Благодарности никакой он за благодеяние не ждал, может быть, оттого и не обреталось близ него никого, кто его продал бы или предал, хотя иуд на крестных наших путях всегда хватало. Обретая реальный вес добытых успехов, возраставших по мере времени, а не дарованных чьим- либо мановением, к худу поэт не менялся. А ведь рос он только диву даваться: скромный глазовский комсорг, потом провинциальный газетчик, редактор областной молодёжки, редактор партийной газеты, председатель правления нашей писательской организации, секретарь Союза писателей России, областной депутат и член обкома партии… Какой бы, кажется, голове не пойти от всего этого кругом, не пуститься человеку во все тяжкие: пей-гуляй, однова живём!.. Мало ли примеров тому видел я, когда достигнутая кем-либо «выше среднего» ступень власти превращала счастливца в калигулу местного разлива. Флор же нимало не соблазнялся достигнутыми эмпиреями. Квартирой располагал он скромной, 6-й этаж без лифта, лишь потом перебрался в чуть более комфортабельную, а вот нам помогал в этом вопросе как мог, Союз писателей, а более того, Литфонд по тем временам, нищими и бесправными, подобно сегодняшним, не были. Все эти черты внутреннего благородства были и в его творчестве, открытость и приязнь, суровая справедливость, тихий улыбчивый свет… «Рабы, носящие оковы, высоких песней не поют…», – Флор не был рабом, и песни его были высокими. Как в удмуртской северной деревнюшке уродился, чтоб прожить недолго, но с честью, такой человек – известно только Провидению…

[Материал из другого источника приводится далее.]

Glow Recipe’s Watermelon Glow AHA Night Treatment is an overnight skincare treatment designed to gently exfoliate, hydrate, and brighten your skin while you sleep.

Дни литературы и искусства, для вовлечения в упомянутые сферы населения республиканской глубинки, были задуманы и соорганизованы, именно когда стоял у писательского руля в Удмуртии Флор Иванович, он сумел убедить власть предержащих, что и затраты окупятся, и доброе, а главное, далёкое и гулкое эхо пообещал. Собирались летучие творческие бригады, этакий единый кулак: поэты и писатели, художники и скульпторы, музыканты, артисты местной филармонии, лекторы-искусствоведы – дабы просветить, культурно умиротворить и вообще «довести до уровня» окрестную, сельскую в основном, «массу». Всё это с рекламным гамом, шумом и «тмультом», опосредованно через районные власти, подобные визиты гостей, понятно, обходились в приметную копеечку. Накорми, устрой аудиторию, оторвав от прямого хлеборобского дела, щегольни «отвальной», наконец…

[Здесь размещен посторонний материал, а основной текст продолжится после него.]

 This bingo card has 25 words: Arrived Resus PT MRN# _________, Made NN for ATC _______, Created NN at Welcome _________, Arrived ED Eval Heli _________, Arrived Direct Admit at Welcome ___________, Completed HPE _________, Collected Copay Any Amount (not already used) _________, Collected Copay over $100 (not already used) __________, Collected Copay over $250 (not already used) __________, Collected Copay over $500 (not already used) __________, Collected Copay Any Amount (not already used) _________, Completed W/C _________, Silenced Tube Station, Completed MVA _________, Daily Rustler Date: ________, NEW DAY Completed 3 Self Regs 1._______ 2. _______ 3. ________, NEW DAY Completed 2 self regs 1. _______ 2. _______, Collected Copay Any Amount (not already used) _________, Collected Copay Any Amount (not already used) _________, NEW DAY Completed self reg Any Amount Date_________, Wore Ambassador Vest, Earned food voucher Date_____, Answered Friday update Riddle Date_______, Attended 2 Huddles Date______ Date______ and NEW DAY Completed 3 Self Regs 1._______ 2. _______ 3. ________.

Вообще эта задумка таила всё-таки немало хорошего. В кои-то веки раньше заглядывавший в породившие его деревенские потёмки ставший писателем или артистом земляк обычно привечался в отчем гнездовье земным поклоном – и тут же отбывал обратно в город, без никакого родимым сельчанам культурно-просветительского толку. Как у Гоголя, «давал ассамблею», и только. Иначе стало, когда на срок довольно длительный, на неделю-другую наезжал теперь в тот или иной район целый конгломерат актёров, художников слова и кисти, люди начинали ощущать, что они – не обсевки в поле, что, в конце концов, все эти «служители Муз» работают в жизни для них! И не помню я, чтобы тесненькие сельские клубы пустовали, когда наезжала туда летучая бригада стихотворцев, песнопевцев, живописцев с их передвижными выставками – всё делалось для зрителя и слушателя бесплатно, ибо устроители и исполнители понимали, что зашибать деньгу, на которую провинция скудна – бесстыдство. Работали мы и в красных уголках коровников, где под согласный мык встревоженных животных читать и петь было несколько дискомфортно, и в районных промкомбинатиках, сами с удовольствием становясь экскурсантами, воочию наблюдая, какое подлинное умельство порождает обыкновенные кадки, лагуны и бочки, плетёт рогожные кули, ладит расписную деревянную вятскую игрушку, валяет и катает пимы, глазурует глиняные макитры и корчаги. После такой наглядности сухие и гулкие от нажитых мозолей аплодисменты мастерового люда казались вдвое заслуженнее и отрадней, и старались мы изо всех сил: совестновато становилось, наглядевшись на искусство подлинное, физически тяжкое и худо вознаграждённое, за собственные «ужимки и прыжки».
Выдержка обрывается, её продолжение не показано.